Los que no han tenido acceso a Internet han estado en una situación de inferioridad en términos de acceso a los ámbitos de la salud, la educación, la alimentación y las relaciones. Por ello, es importante realizar un esfuerzo desde todas las instancias, para facilitar el acceso a los servicios digitales a todas las personas, asegurando el despliegue de la infraestructura necesaria y dando facilidades para acceder a los dispositivos básicos. Actualmente, como hemos comprobado en los últimos meses, el acceso a estas utilidades está más cerca de ser un derecho que de ser un mero servicio.

Usuario silver utilizando las nuevas tecnologías
El 65% de la población Silver es usuaria de Internet. @iStock

Por lo que respecta a nuestra generación Silver, los datos, también previos a la pandemia, demuestran nuestra actitud hacia el progreso, y así el 65% somos usuarios de Internet y entorno al 35% realizamos sistemáticamente compras online.

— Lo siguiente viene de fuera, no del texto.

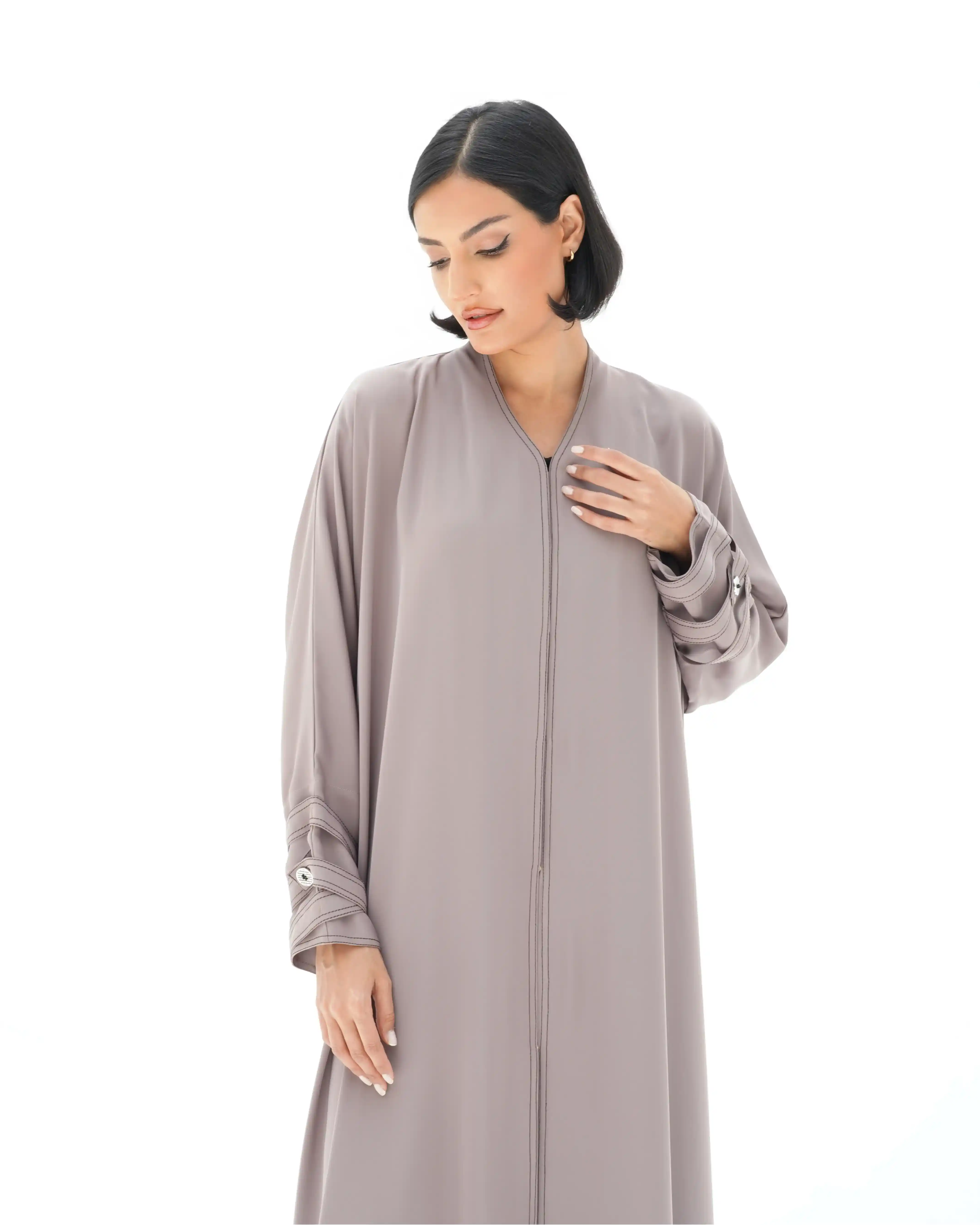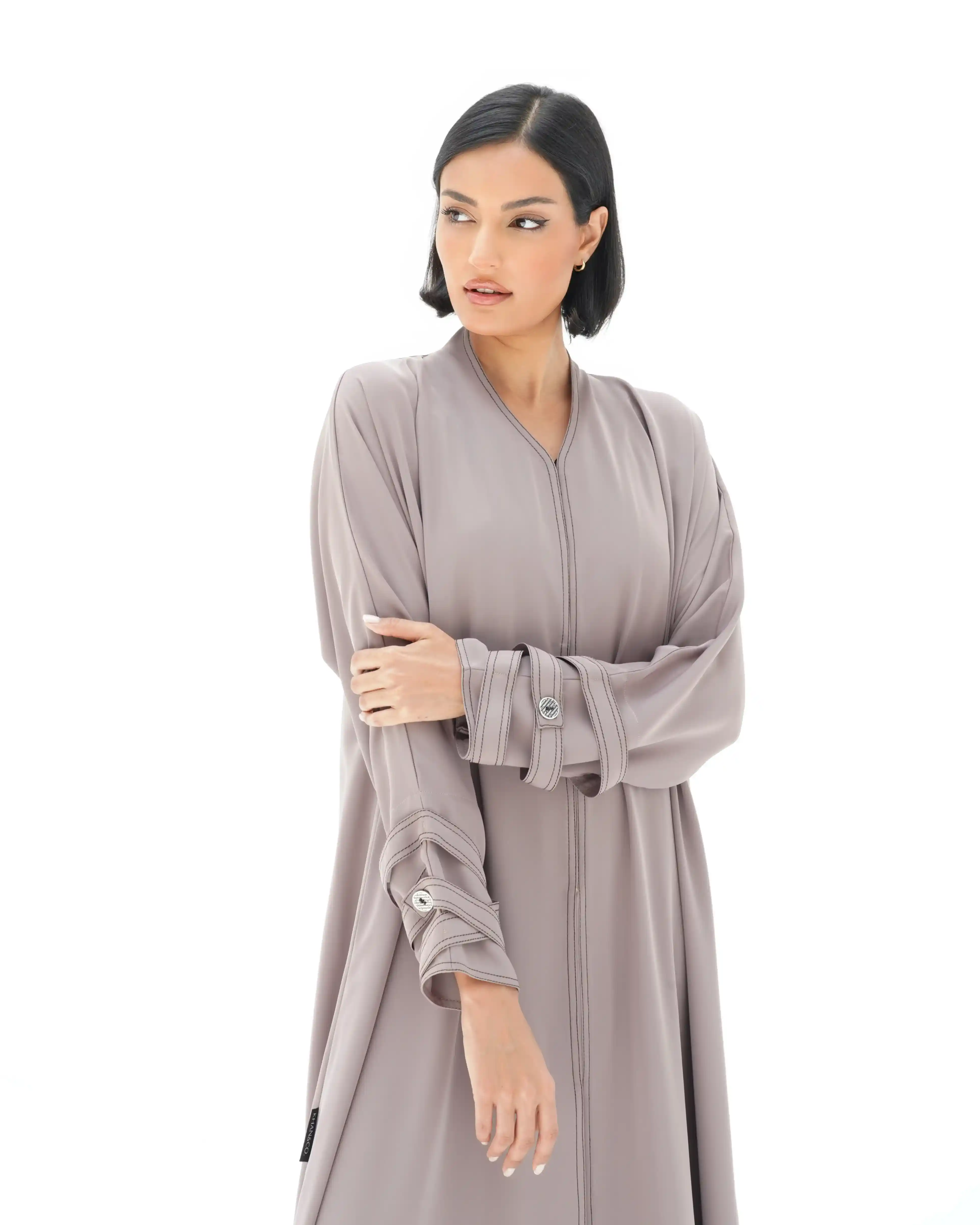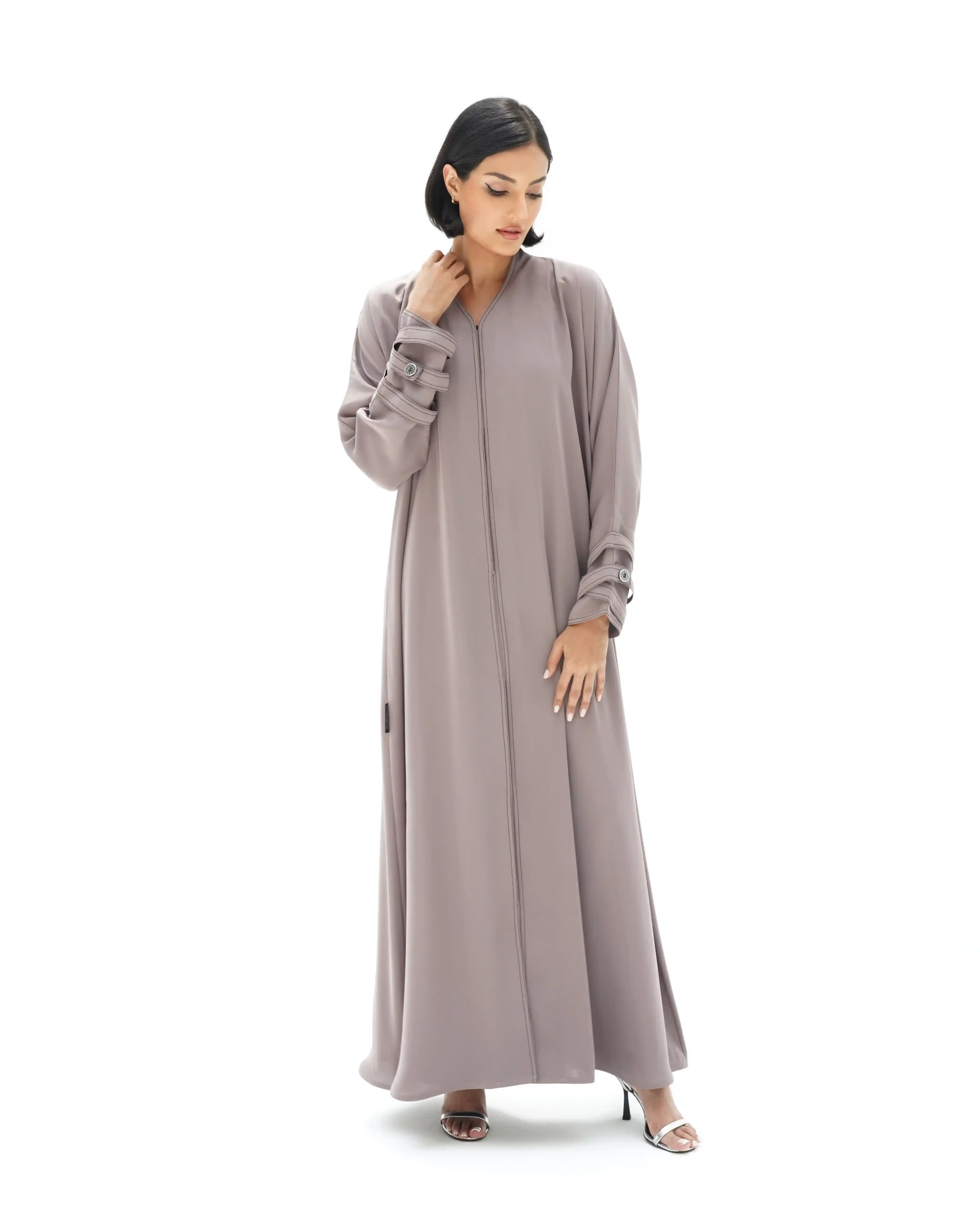 • لون نيود براون كامل العباية بخياطة ظاهرة في شرائط الاكمام باللون البني.

Con estas cifras se puede concretar que la no digitalización deriva en tres tipos de desapariciones: por voluntad, por desidia, por necesidad. Confirmemos en las dos primeras que realmente queremos desaparecer y demos una solución rápida y contundente a la tercera, asegurando el despliegue de Internet en todas las localizaciones a un coste razonable y dando facilidades de acceso a los dispositivos imprescindibles, de esta forma evitaremos la exclusión económica y social de este colectivo de personas.

“Si no hay dudas, no hay progreso”, decía Charles Darwin. Y dudas podremos tener, y muchas, pero la mejor forma de eliminarlas es tratar de entender estas nuevas posibilidades y, a partir de ahí, decidir desde el conocimiento (y no desde la ignorancia) cuales incorporaremos a nuestros hábitos.

Adolfo Ramírez, es cofundador de VIDA SILVER.